A standard developed to register datasets is expected to speed up usage and AM capabilities, strengthening the technology and facilitating processes for users. The clear benefits of registering data are accessing validated data with known time, locations, and approvals; data alignment and fusion for process monitoring and control; detecting defects traceable to process, material, equipment parameters; AM part qualification, and understanding the AM process for developing predictive models.

According to 3DPrint.com’s own Executive Editor and Vice President of Consulting at SmarTech Analysis, Joris Peels, “Data collection, process monitoring, and control are the very frontier of the industrialization of AM. Universally accepted data standards are needed now to make sure that capture software, management systems, analytics software and machines all speak the same language.

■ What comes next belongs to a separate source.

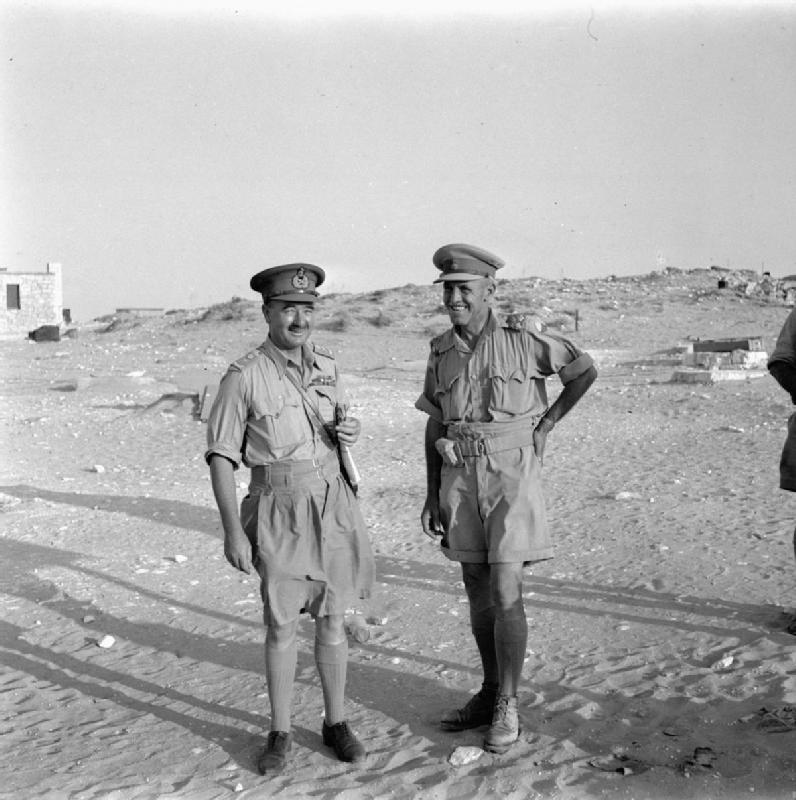 Senior Staff Officers Visit Headquarters, South African Brigade at El Alamein, July 1942 General Sir Leslie Morshead (left), commander of the Australian 9th Division in North Africa, with Brigadier Palmer of the 3rd Brigade. Later General Morshead commanded Australian forces in New Guinea and Borneo.

For part traceability, especially important in aerospace, data exchange, logging, and capture should be seamless.”

Throughout the last decade, ASTM International has been responsible for creating several AM standards that helped shape the growth and development of the industry. Examples include a standard that offers detailed specifications around what customers should look and ask for when buying an AM part, or a general guide providing requirements and recommendations for using the disruptive technology in product design.

Currently, ASTM’s additive manufacturing committee has invited all interested parties to join in the development of this newly proposed standard and others under development. The global organization thrives on close collaborations that are crucial to ensure that standards and specifications support, and do not limit, the continued growth of emerging industries like AM.